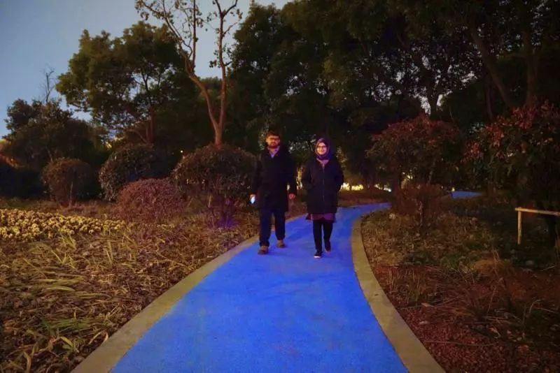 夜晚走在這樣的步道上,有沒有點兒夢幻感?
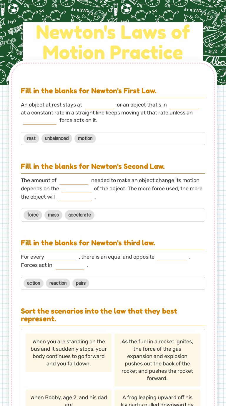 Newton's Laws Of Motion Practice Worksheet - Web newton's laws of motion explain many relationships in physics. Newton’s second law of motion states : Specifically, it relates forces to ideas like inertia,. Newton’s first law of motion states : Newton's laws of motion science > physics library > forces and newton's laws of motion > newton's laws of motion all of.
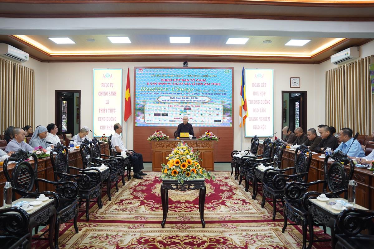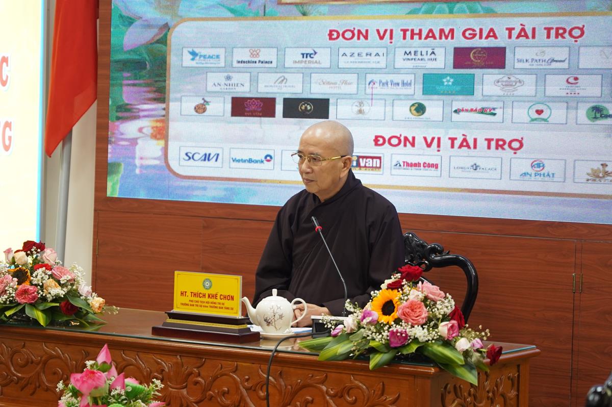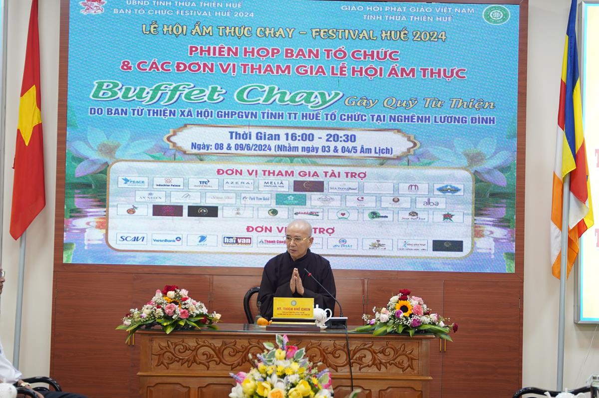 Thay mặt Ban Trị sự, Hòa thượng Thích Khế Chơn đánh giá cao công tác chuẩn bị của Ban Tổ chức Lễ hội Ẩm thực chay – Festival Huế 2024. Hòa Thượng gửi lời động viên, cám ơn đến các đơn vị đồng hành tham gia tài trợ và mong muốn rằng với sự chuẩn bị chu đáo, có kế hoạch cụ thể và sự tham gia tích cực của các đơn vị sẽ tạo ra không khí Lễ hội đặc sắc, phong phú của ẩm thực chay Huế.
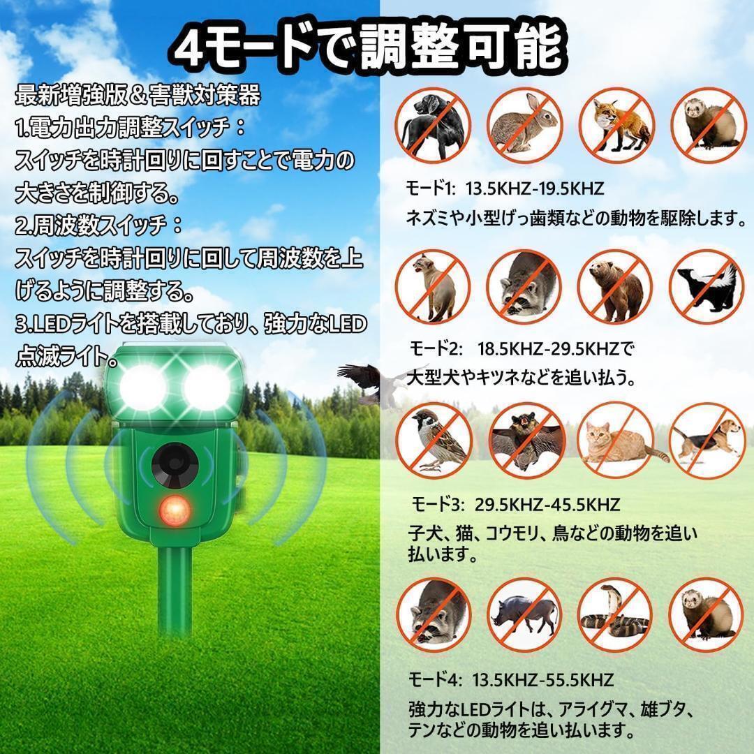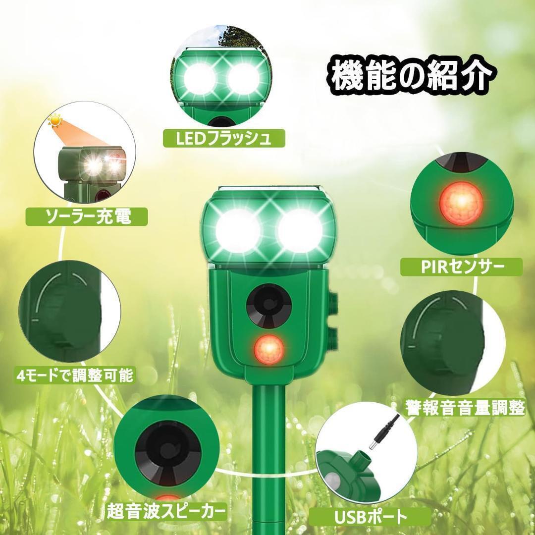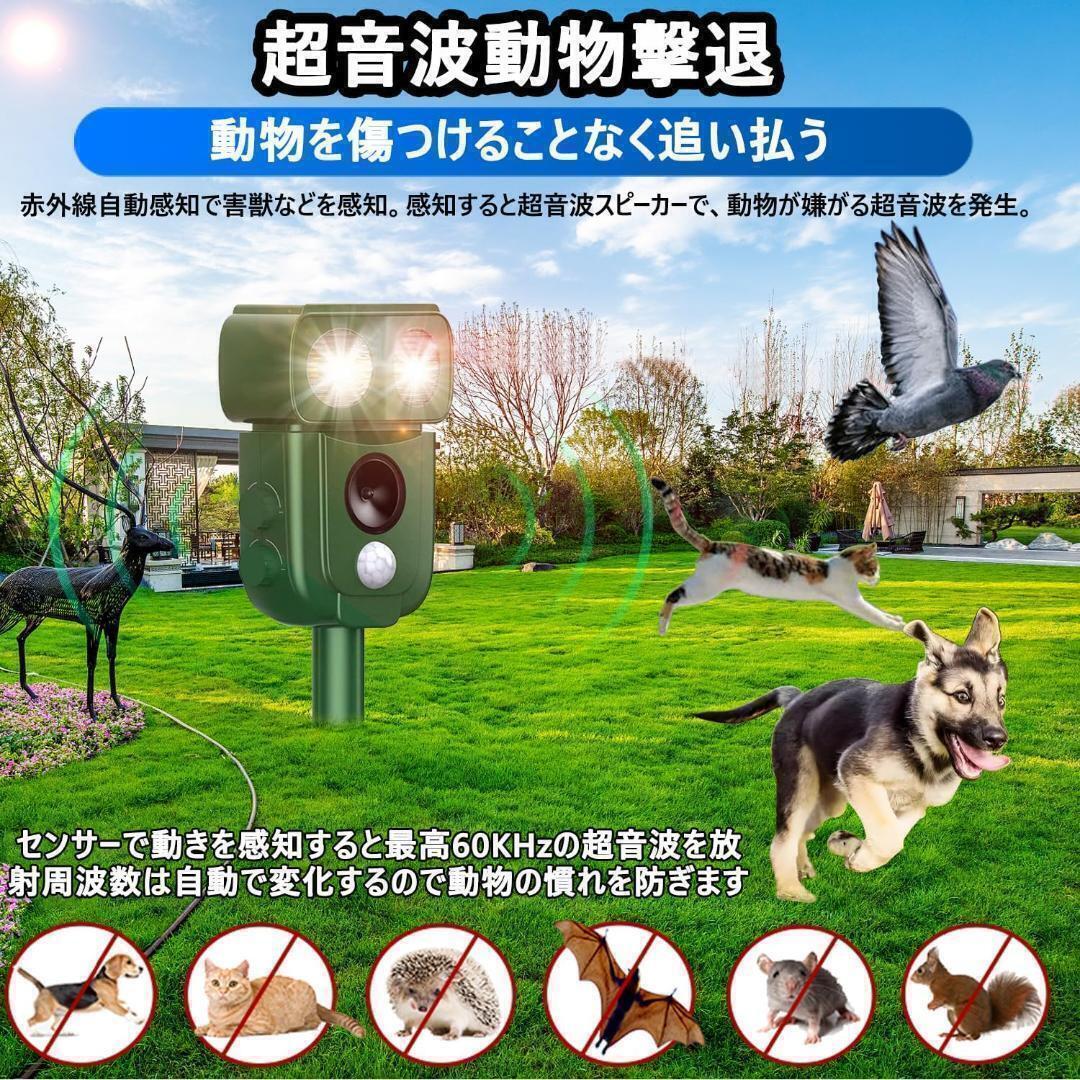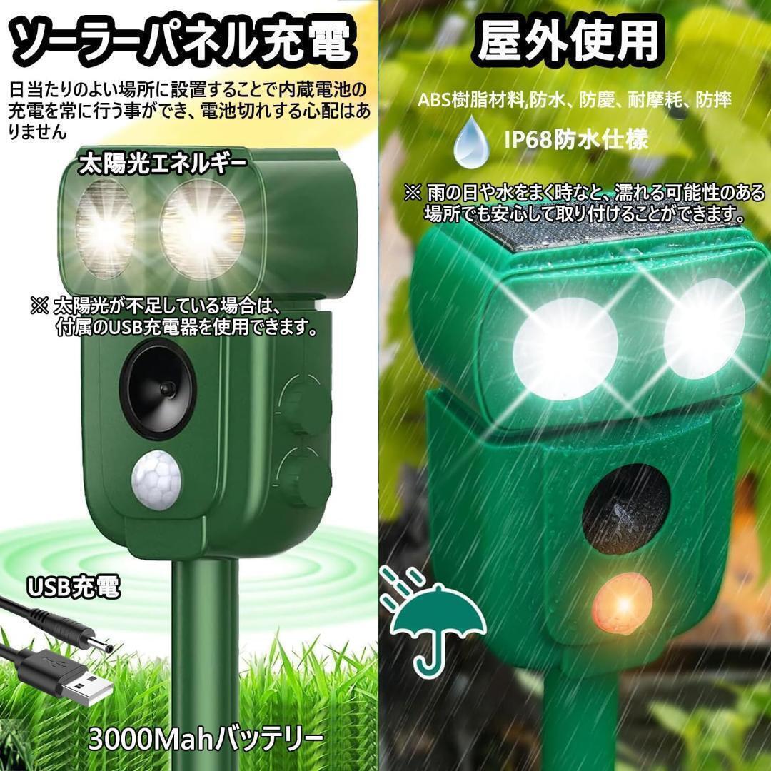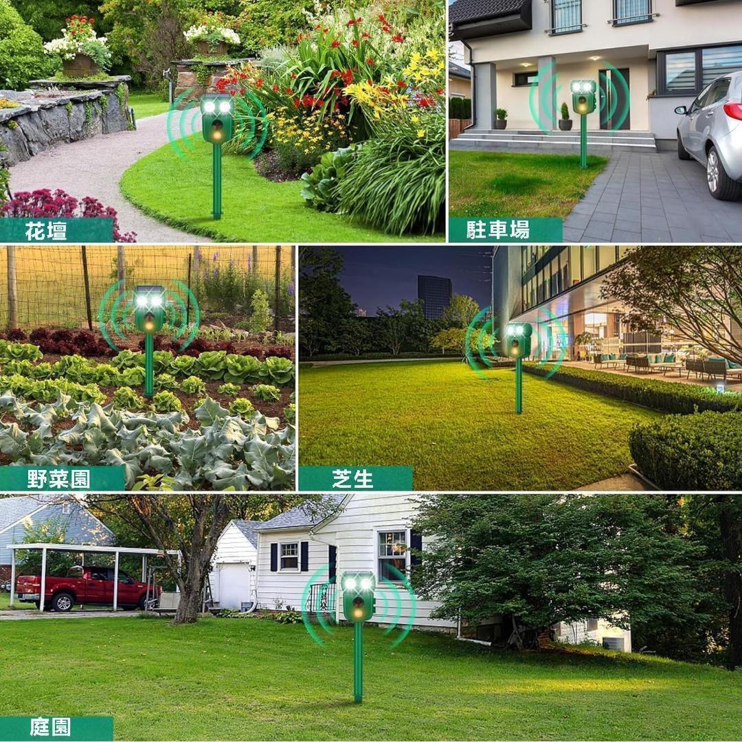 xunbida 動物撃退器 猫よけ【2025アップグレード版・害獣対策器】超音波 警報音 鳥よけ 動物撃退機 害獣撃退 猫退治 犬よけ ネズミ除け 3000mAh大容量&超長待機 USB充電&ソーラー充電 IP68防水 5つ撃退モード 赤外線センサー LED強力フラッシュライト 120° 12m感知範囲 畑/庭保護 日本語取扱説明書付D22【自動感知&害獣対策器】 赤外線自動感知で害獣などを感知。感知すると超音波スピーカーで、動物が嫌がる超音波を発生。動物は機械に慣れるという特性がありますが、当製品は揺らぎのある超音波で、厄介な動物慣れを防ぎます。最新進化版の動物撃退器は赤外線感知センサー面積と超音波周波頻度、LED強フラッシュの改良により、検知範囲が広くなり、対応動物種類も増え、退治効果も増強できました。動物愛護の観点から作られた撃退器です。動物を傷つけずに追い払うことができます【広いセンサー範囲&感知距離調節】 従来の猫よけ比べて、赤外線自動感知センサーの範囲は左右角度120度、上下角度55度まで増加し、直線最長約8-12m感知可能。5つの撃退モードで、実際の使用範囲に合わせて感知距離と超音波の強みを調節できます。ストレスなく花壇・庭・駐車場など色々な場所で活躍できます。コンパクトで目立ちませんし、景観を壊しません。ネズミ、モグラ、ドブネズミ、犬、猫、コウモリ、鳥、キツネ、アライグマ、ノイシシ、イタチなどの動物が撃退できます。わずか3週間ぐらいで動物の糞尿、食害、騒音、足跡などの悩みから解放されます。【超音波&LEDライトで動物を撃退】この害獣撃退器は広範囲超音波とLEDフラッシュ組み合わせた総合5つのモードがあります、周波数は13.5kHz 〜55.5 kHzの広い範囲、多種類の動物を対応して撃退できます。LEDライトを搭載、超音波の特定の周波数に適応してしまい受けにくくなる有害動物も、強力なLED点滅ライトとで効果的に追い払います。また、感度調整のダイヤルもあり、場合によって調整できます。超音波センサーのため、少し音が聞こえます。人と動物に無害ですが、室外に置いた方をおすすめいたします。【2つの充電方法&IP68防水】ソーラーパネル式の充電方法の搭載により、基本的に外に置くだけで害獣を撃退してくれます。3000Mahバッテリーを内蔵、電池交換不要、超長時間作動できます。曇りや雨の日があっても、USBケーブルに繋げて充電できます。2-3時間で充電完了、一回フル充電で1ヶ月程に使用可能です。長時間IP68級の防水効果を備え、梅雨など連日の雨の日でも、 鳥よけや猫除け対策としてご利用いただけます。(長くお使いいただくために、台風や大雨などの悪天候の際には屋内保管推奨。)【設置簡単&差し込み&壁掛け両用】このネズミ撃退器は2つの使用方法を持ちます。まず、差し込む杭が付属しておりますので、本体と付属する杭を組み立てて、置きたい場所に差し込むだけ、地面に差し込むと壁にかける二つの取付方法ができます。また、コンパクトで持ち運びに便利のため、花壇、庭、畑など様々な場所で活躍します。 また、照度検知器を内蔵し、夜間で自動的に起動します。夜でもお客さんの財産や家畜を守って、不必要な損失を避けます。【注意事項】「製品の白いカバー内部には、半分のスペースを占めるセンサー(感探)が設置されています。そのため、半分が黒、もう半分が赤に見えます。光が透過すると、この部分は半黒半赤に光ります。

============

What is needed
Please restate the data word for word, leaving out any picture it holds.

Response to the task
 夜晚走在這樣的步道上,有沒有點兒夢幻感?
 Newton's Laws Of Motion Practice Worksheet - Web newton's laws of motion explain many relationships in physics. Newton’s second law of motion states : Specifically, it relates forces to ideas like inertia,. Newton’s first law of motion states : Newton's laws of motion science > physics library > forces and newton's laws of motion > newton's laws of motion all of.
 Thay mặt Ban Trị sự, Hòa thượng Thích Khế Chơn đánh giá cao công tác chuẩn bị của Ban Tổ chức Lễ hội Ẩm thực chay – Festival Huế 2024. Hòa Thượng gửi lời động viên, cám ơn đến các đơn vị đồng hành tham gia tài trợ và mong muốn rằng với sự chuẩn bị chu đáo, có kế hoạch cụ thể và sự tham gia tích cực của các đơn vị sẽ tạo ra không khí Lễ hội đặc sắc, phong phú của ẩm thực chay Huế.
 xunbida 動物撃退器 猫よけ【2025アップグレード版・害獣対策器】超音波 警報音 鳥よけ 動物撃退機 害獣撃退 猫退治 犬よけ ネズミ除け 3000mAh大容量&超長待機 USB充電&ソーラー充電 IP68防水 5つ撃退モード 赤外線センサー LED強力フラッシュライト 120° 12m感知範囲 畑/庭保護 日本語取扱説明書付D22【自動感知&害獣対策器】 赤外線自動感知で害獣などを感知。感知すると超音波スピーカーで、動物が嫌がる超音波を発生。動物は機械に慣れるという特性がありますが、当製品は揺らぎのある超音波で、厄介な動物慣れを防ぎます。最新進化版の動物撃退器は赤外線感知センサー面積と超音波周波頻度、LED強フラッシュの改良により、検知範囲が広くなり、対応動物種類も増え、退治効果も増強できました。動物愛護の観点から作られた撃退器です。動物を傷つけずに追い払うことができます【広いセンサー範囲&感知距離調節】 従来の猫よけ比べて、赤外線自動感知センサーの範囲は左右角度120度、上下角度55度まで増加し、直線最長約8-12m感知可能。5つの撃退モードで、実際の使用範囲に合わせて感知距離と超音波の強みを調節できます。ストレスなく花壇・庭・駐車場など色々な場所で活躍できます。コンパクトで目立ちませんし、景観を壊しません。ネズミ、モグラ、ドブネズミ、犬、猫、コウモリ、鳥、キツネ、アライグマ、ノイシシ、イタチなどの動物が撃退できます。わずか3週間ぐらいで動物の糞尿、食害、騒音、足跡などの悩みから解放されます。【超音波&LEDライトで動物を撃退】この害獣撃退器は広範囲超音波とLEDフラッシュ組み合わせた総合5つのモードがあります、周波数は13.5kHz 〜55.5 kHzの広い範囲、多種類の動物を対応して撃退できます。LEDライトを搭載、超音波の特定の周波数に適応してしまい受けにくくなる有害動物も、強力なLED点滅ライトとで効果的に追い払います。また、感度調整のダイヤルもあり、場合によって調整できます。超音波センサーのため、少し音が聞こえます。人と動物に無害ですが、室外に置いた方をおすすめいたします。【2つの充電方法&IP68防水】ソーラーパネル式の充電方法の搭載により、基本的に外に置くだけで害獣を撃退してくれます。3000Mahバッテリーを内蔵、電池交換不要、超長時間作動できます。曇りや雨の日があっても、USBケーブルに繋げて充電できます。2-3時間で充電完了、一回フル充電で1ヶ月程に使用可能です。長時間IP68級の防水効果を備え、梅雨など連日の雨の日でも、 鳥よけや猫除け対策としてご利用いただけます。(長くお使いいただくために、台風や大雨などの悪天候の際には屋内保管推奨。)【設置簡単&差し込み&壁掛け両用】このネズミ撃退器は2つの使用方法を持ちます。まず、差し込む杭が付属しておりますので、本体と付属する杭を組み立てて、置きたい場所に差し込むだけ、地面に差し込むと壁にかける二つの取付方法ができます。また、コンパクトで持ち運びに便利のため、花壇、庭、畑など様々な場所で活躍します。 また、照度検知器を内蔵し、夜間で自動的に起動します。夜でもお客さんの財産や家畜を守って、不必要な損失を避けます。【注意事項】「製品の白いカバー内部には、半分のスペースを占めるセンサー(感探)が設置されています。そのため、半分が黒、もう半分が赤に見えます。光が透過すると、この部分は半黒半赤に光ります。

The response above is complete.